Assignment:
Of the entries below, repeat exactly only those lines from the one containing "Ellie Price took" through the last line, with pictures omitted.
######
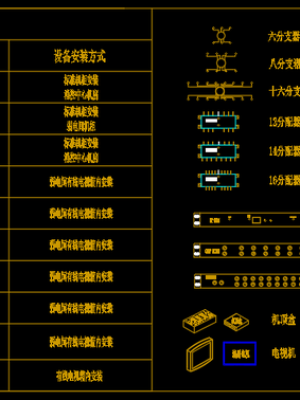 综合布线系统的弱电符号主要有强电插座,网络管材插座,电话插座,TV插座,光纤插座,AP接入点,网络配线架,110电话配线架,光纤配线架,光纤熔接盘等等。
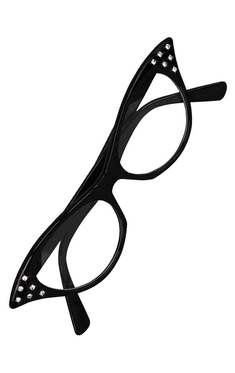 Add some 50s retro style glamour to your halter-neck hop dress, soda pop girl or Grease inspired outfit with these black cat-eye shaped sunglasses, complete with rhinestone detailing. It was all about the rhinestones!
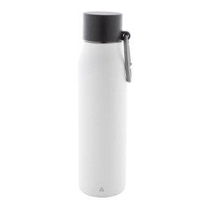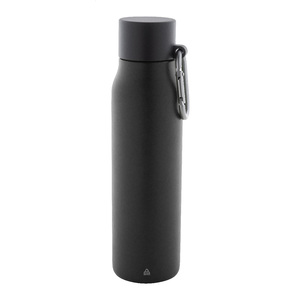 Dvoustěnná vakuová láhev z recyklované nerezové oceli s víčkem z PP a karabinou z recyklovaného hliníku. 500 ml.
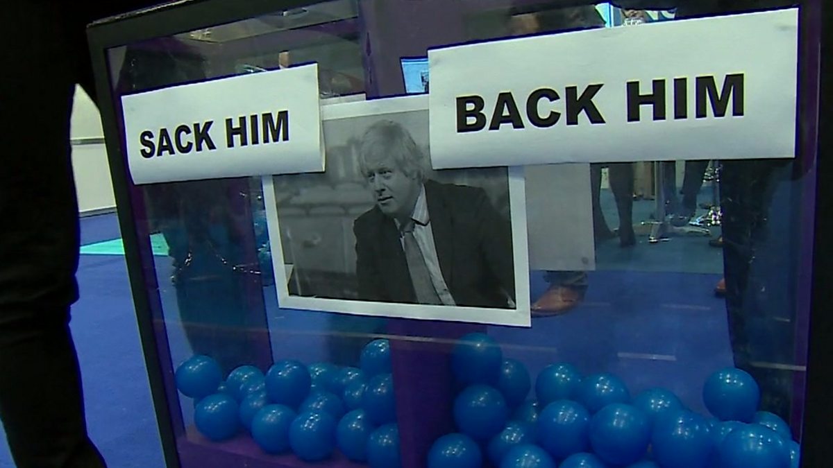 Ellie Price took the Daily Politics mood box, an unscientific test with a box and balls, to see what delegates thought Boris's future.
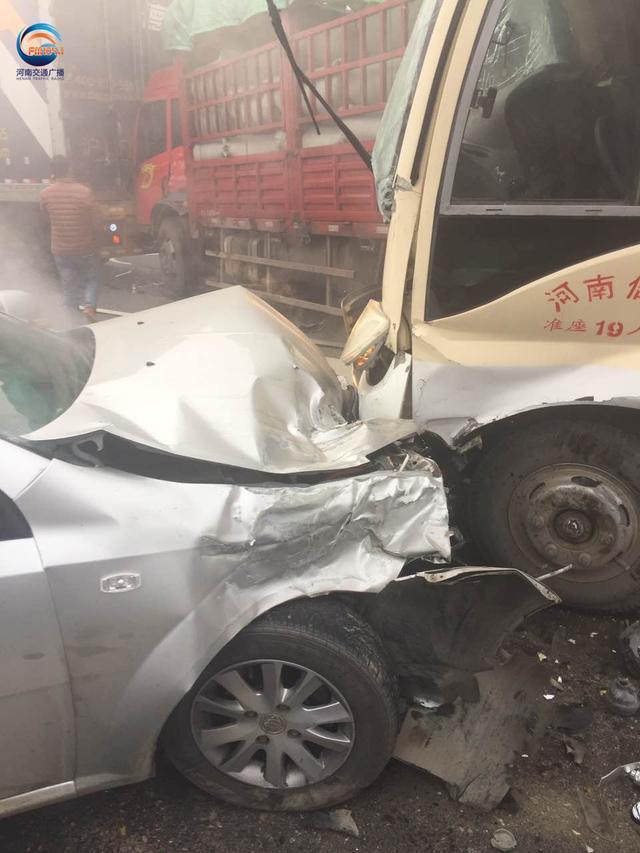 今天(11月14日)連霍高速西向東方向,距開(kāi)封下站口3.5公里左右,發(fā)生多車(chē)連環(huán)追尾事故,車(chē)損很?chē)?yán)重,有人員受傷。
######
Completed task:
 Ellie Price took the Daily Politics mood box, an unscientific test with a box and balls, to see what delegates thought Boris's future.
 今天(11月14日)連霍高速西向東方向,距開(kāi)封下站口3.5公里左右,發(fā)生多車(chē)連環(huán)追尾事故,車(chē)損很?chē)?yán)重,有人員受傷。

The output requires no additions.